U.S. goods assisting export industries will fare well - Portugal
Randall MillerPortugal is the doldrums of a self-administered recession that is having the expected--and desired--dampening effect on imports. There should be good opportunities throughout 1984, however, for American firms offering products, technologies, and services tht will contribute to building strong Portuguese export industries.
Portuguese imports from the world were down about 18 percent in the first quarter of 1984, measured in dollar terms, while exports rose about 11 percent. If this trend continues, it should help prevent Portugal's GDP from falling more than 2 percent for the entire year. The escudo was trading in July at about 140 to the dollar, a decline in value of nearly 60 percent since 1982. In spite of the high dollar, however, U.S. exports have held up well.

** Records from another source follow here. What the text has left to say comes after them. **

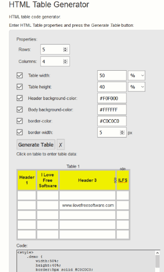 HTML Table Generator (Homepage) is one of the best websites here to generate HTML table with ease and get the output code. It comes with a basic interface but the options provided by this website are very good. You can select number of rows and columns as per your wish, set the table width n height, header background color, border style (solid, dotted, groove, ridge, inset, etc.), border width, border color, border spacing, text alignment (left, center, or right), etc. Set the options and then you can generate HTML table. You need to scroll down its webpage to check the output table preview and get HTML table code.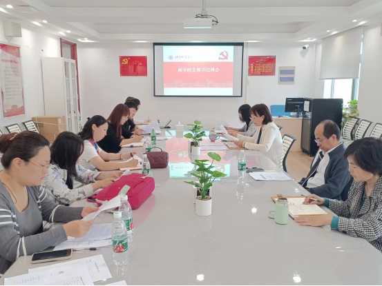 党委书记常娥传达了学校党委二级党组织负责人工作例会精神。她介绍了学校对二级党组织要求的关于“一融、双高、三引、四级、五同”的工作机制,并重点从如何做好谈话交心、行走课堂、联学共建、特色党建工作等方面提出了具体要求和做法,要求大家强化“班子团结首要在书记、队伍建设首要在书记”责任意识,认真履行主体责任,把好方向、带好队伍;以师生党支部结构调整为契机,加强对党支部工作内容学习,提升党支部建设规范化水平;同时加强队伍建设,落实肩上责任,将工作做实;加强谈心谈话,摸清底数,找准路径,务实功、出实招、求实效;提高站位,立足学校整体发展大局思考工作,将个人发展小逻辑融入到学校发展大道理中;各支部要加强专业学习,推动党建与业务相融互促。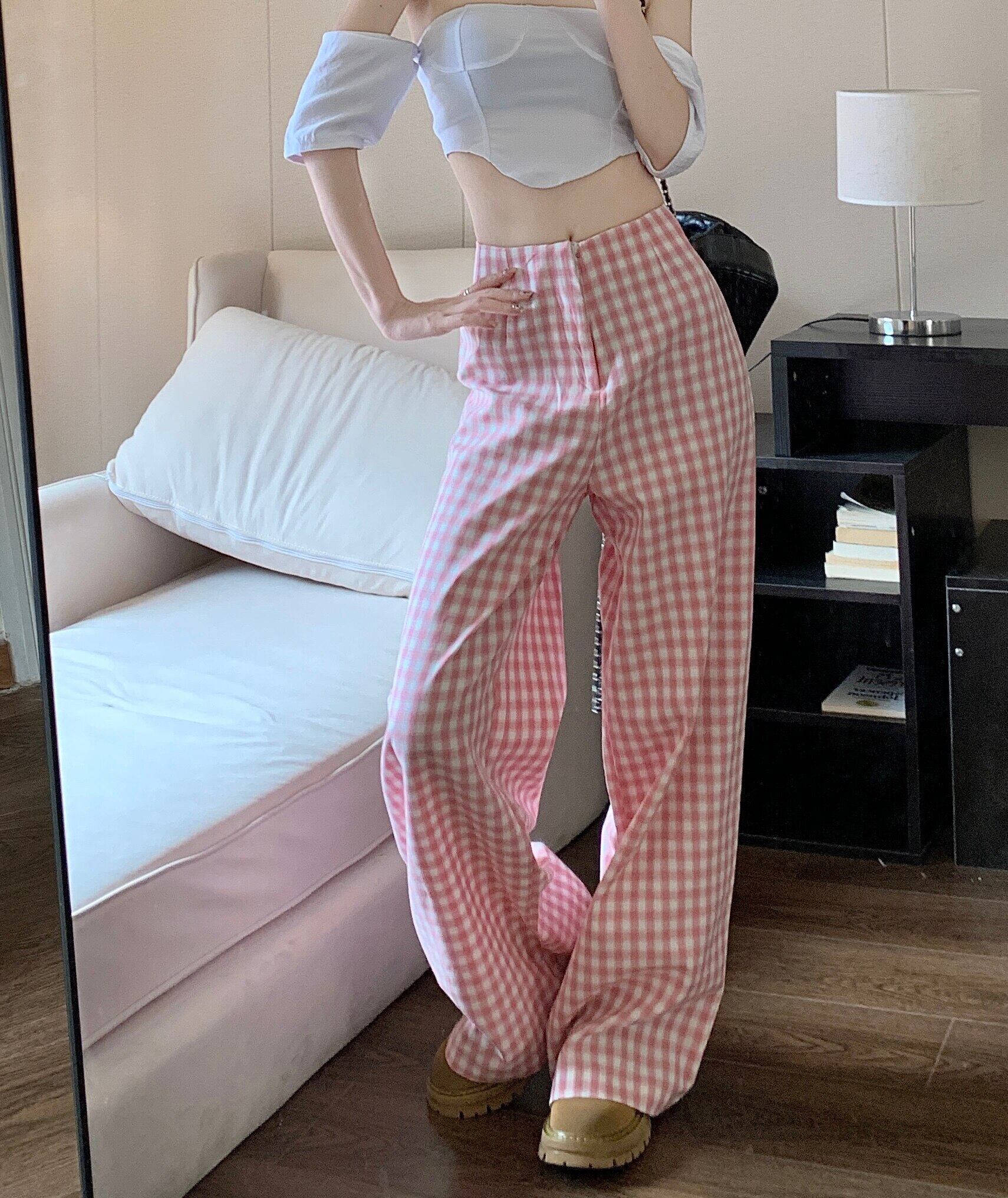 ルーズストレートレッグワイドウエストピンクチェック柄パンツ Y2k パンタロンデカーゴスウェットパンツズボンストリート

In the first five months, U.S. exports were valued at $525 million, only slightly lower than in the same period a year earlier. Moreover, the overall U.S. share of Portuguese imports is 18 percent, up from 14 percent last year. U.S. shipments of computers and peripherals, telecommunications equipment, electronic components, and chemicals did particularly well in the first four months. Computers and peripherals, for example, jumped 65 percent to $17 million.
The present government appears to be meeting the requirements imposed by the International Monetary Fund (IMF) for continued access to the $480 million stand-by agreement. The IMF recently obtained the government's agreement to raise controlled prices of basic consumer commodities an average of 18 to 20 percent. This could aggravate inflation, which is already at a 30 percent rate, and effectively dampen consumer income, but it will reduce the drain on the public treasury and pave the way for boosting the economy in 1985.
One of the government's prime and most difficult objectives is to revise Portuguese labor laws which require a 21 percent-social security contribution from employers and virtually guarantee employees a job for life. Thus, for those firms attempting to expand--and there are many--the logical choice is to purchase automated machinery, while seeking financing outside Portugal. Short-term interest rates are now 30 to 35 percent.
Therefore, demand is expected to grow for equipment that might otherwise seem to be inappropriate for the Portuguese market. For example, a market is beginning to emerge for numerically controlled machine tools, for computer-aided design and computeraided manufacturing equipment systems, and for high-volume food processing equipment. U.S. firms in a position to finance their sales should do particularly well.